The HBS case study contains conflicting acquisition dates — December 6, 2015 (listed as first day of ownership) and 2017 (listed as acquisition year). The CBS Philadelphia coverage of the factory's 101st anniversary in February 2025 states the purchase occurred in 2015.1 The Philadelphia Inquirer's 2019 profile describes Morgan-Thomas as having rescued the factory.2 This profile uses 2015 as the most supported acquisition year but flags the discrepancy.

All financial figures in this profile (the $47,000 purchase price, equipment valuations) are sourced from an HBS case study in which the authors state certain details have been disguised.4

Constraints & Tradeoffs

No Experience, Declining Craft

Morgan-Thomas entered a failing factory with no manufacturing background, no factory management experience, and no turnaround playbook. The American Hat Factory's equipment was fully depreciated — zero book value against a $122,900 replacement cost — meaning she acquired physical assets that were technically worthless by accounting standards but operationally essential and expensive to replace. The structural constraint was not just her inexperience; it was that the industry itself was contracting. Women's millinery had been in secular decline for decades. The number of factories capable of producing handmade women's hats in the United States could be counted on one hand.
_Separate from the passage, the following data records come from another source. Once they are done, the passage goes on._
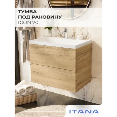 Тумба под раковину подвесная Итана Icon 70 с выдвижными ящиками Дуб Мавелла Голд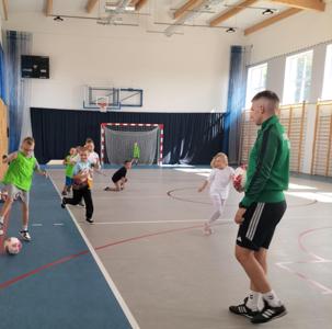 Dzieci z ogromnym zaangażowaniem brały udział w zabawach ruchowych, ćwiczeniach sprawnościowych oraz elementach techniki piłkarskiej. Spotkanie było świetną okazją do rozwijania sportowych pasji oraz do nauki współpracy i zdrowej rywalizacji.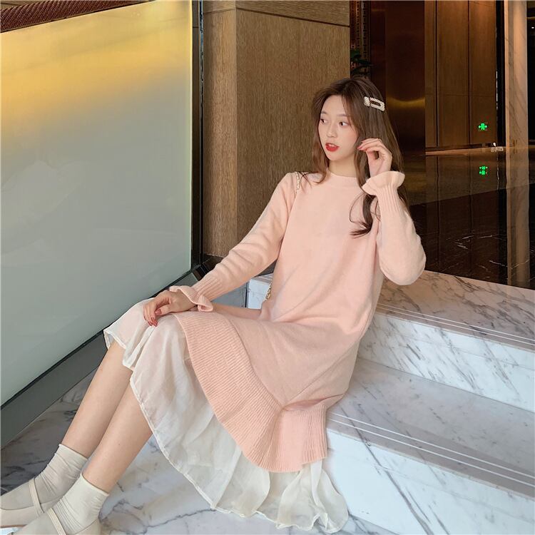 秋冬新作ワンピース レディース トップス ワンピース 可愛い 体型カバーニット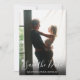 Det här moderna skriptfotot sparar datumkortet med det speciella fotoöverlagret med ett elegant-skript som sparar datumet ovanför namn, datum och plats i vit text. På baksidan finns ytterligare information om datum, inklusive webbplatsen bröllop. Du kan anpassa bakgrunden till färg som är din favorit. Designad av Thisisnotme©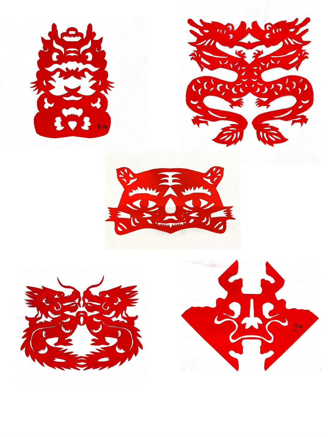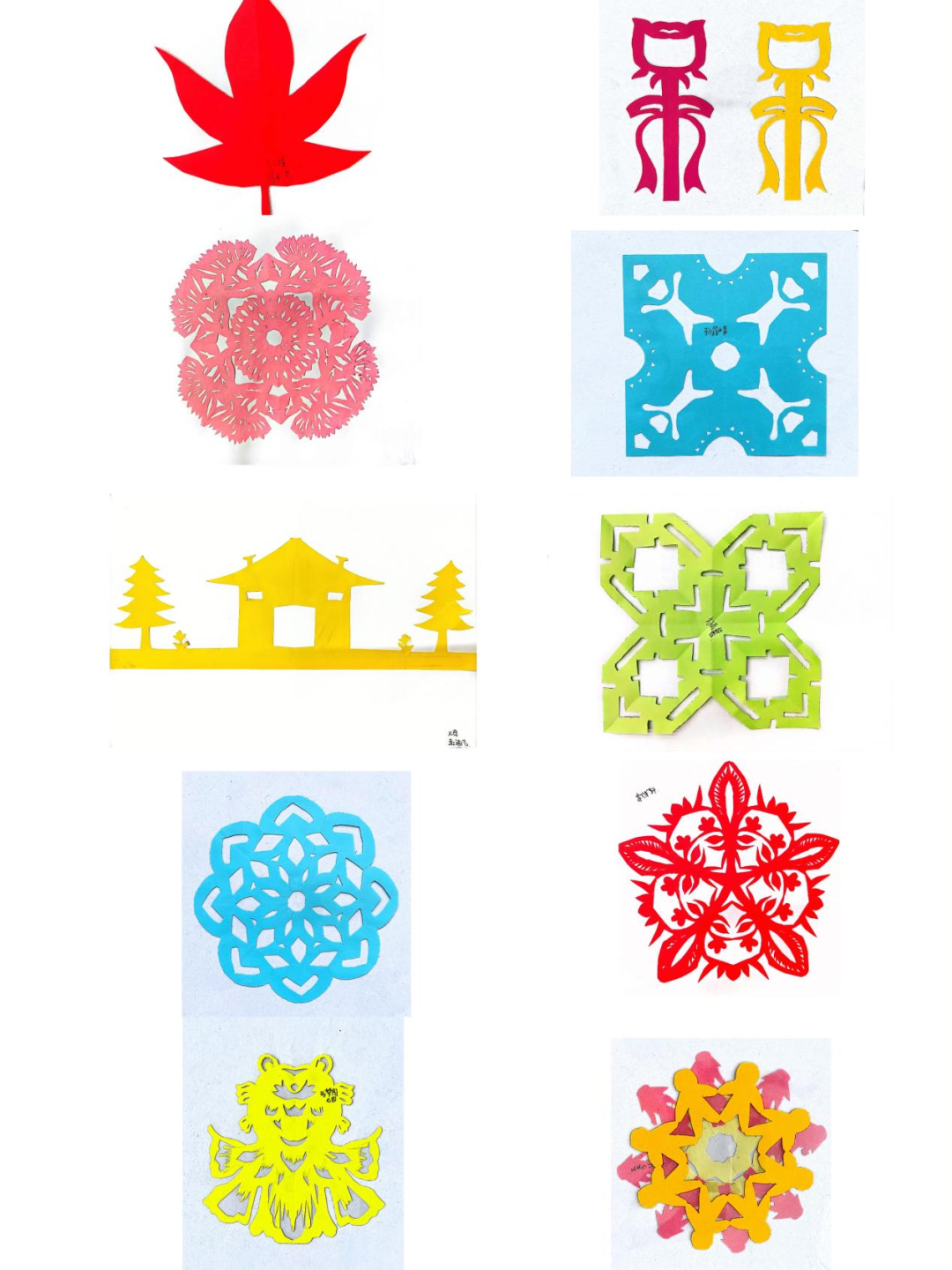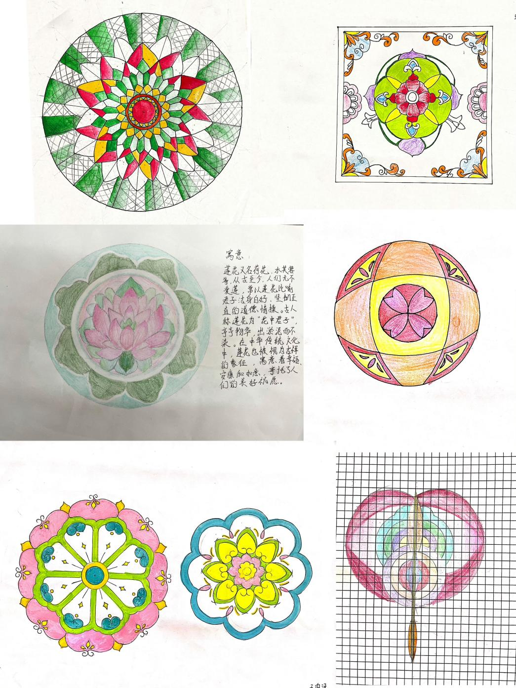 同学们统一把作品上交后,七年级数学备课组组织老师进行评选工作,最终一大批优秀作品脱颖而出。以下是本次七年级“轴对称作品设计”大赛部分优秀作品: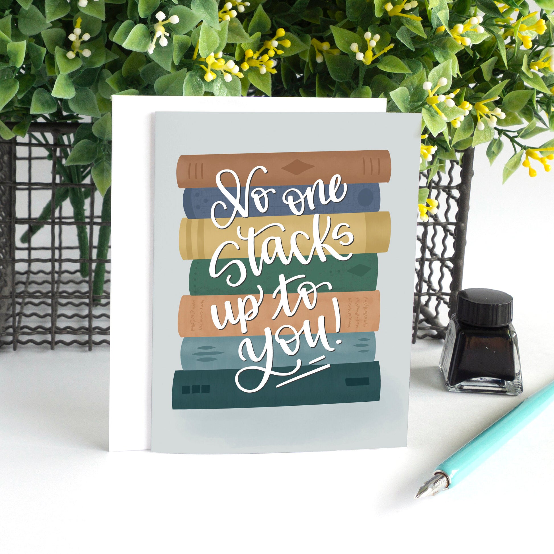 Celebrate your unique love story with our delightful love card adorned with a stack of books. It lovingly conveys that no one else "stacks up" or holds a place as special in your heart as your partner or spouse. Crafted with heartfelt sentiment, this card is perfect for expressing your deep affection to the book lover in your life. Its message captures the essence of your one-of-a-kind connection, where the love for each other is as cherished as the most treasured book in your collection. Embrace this sentiment and share your heartfelt message with our thoughtfully designed card, a tribute to your extraordinary bond.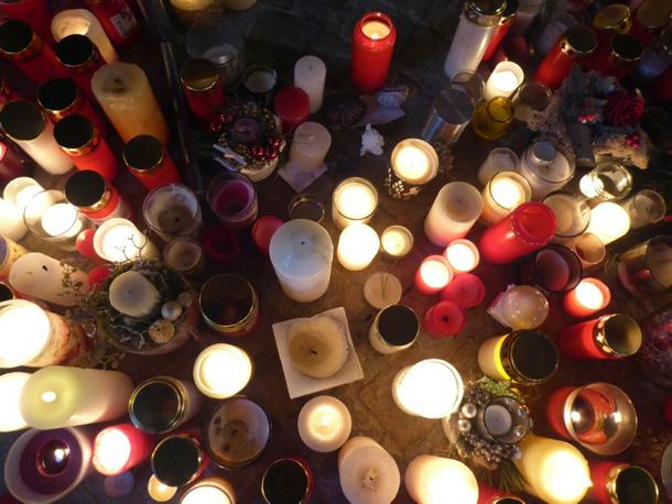 People gather around a makeshift memorial to pay their respects by leaving flowers, candles and messages near Le Constellation bar in Crans-Montana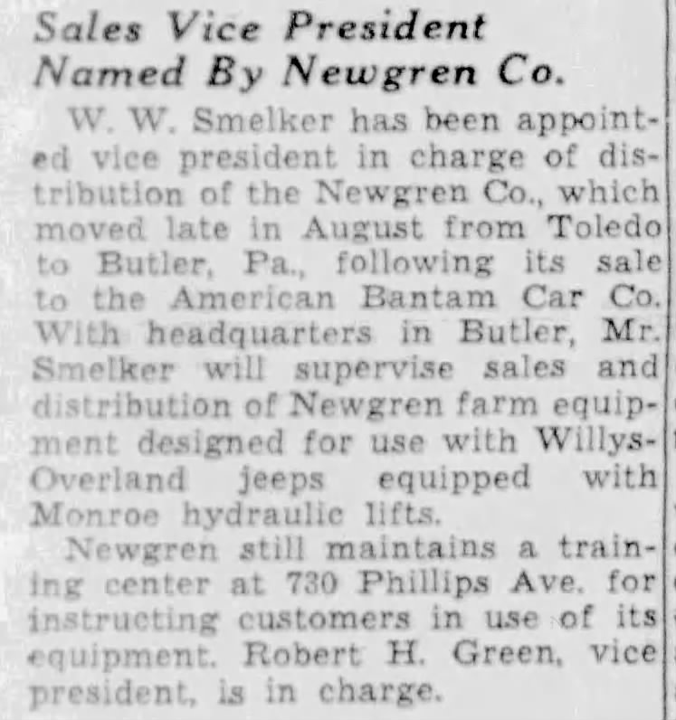 Newlin and Green retained their leadership roles at Newgren after Monroe purchased it. However, Monroe sold Newgren to American Bantam within a few months in a stock deal. In September 1948, Monroe announced that Newgren was moving from Toledo to Butler, PA, the home of American Bantam. George Newlin resigned from his position as head of the company to pursue a career in breeding purebred Guernsey cattle. He would become manager of Wood Acres Farm of Princeton, N.J.

A second constraint was discovered inside the factory: a longtime employee had been stealing finished hats and selling them through an informal channel. This is documented in the HBS case as a discovered fact, not a named accusation. The constraint was that she inherited not just a failing operation but an internal breach of trust that had been operating before she arrived — a liability she did not know existed until she was already the owner.

Note: Financial figures in this profile are sourced from the HBS case study (9-319-009), in which the authors state certain details have been disguised. Figures presented are illustrative of the case structure, not verified primary financial records.

What Actually Happened

Verified Operating

American Hats LLC — the operating name of the business Morgan-Thomas acquired — celebrated its 101st anniversary in February 2025 and continues to operate in Philadelphia. It is one of the few remaining millinery factories in the United States. The turnaround succeeded.

Her son Robert James Morgan III, who served as COO through the early stabilization period, continues to be involved in operations. The factory's survival represents a preservation of a craft that was actively closing in American manufacturing — Morgan-Thomas kept it open by refusing to accept that closing was an option.

Date discrepancy note: The HBS case contains conflicting acquisition dates — December 6, 2015 listed as first day of ownership, and 2017 listed as acquisition year. A 2019 Philadelphia Inquirer article dates her intervention to 2019. This discrepancy has not been resolved in published errata. This profile presents all three dates and flags the inconsistency.

Pattern Extraction

Morgan-Thomas's pattern is mission-before-expertise: enter a situation where the business logic suggests retreat, with resources insufficient for institutional analysis, and let the clarity of the mission substitute for the playbook that expertise would have provided. She did not have a turnaround strategy — she had a reason to not close. That reason drove decisions that a rational cost-benefit framework might not have supported.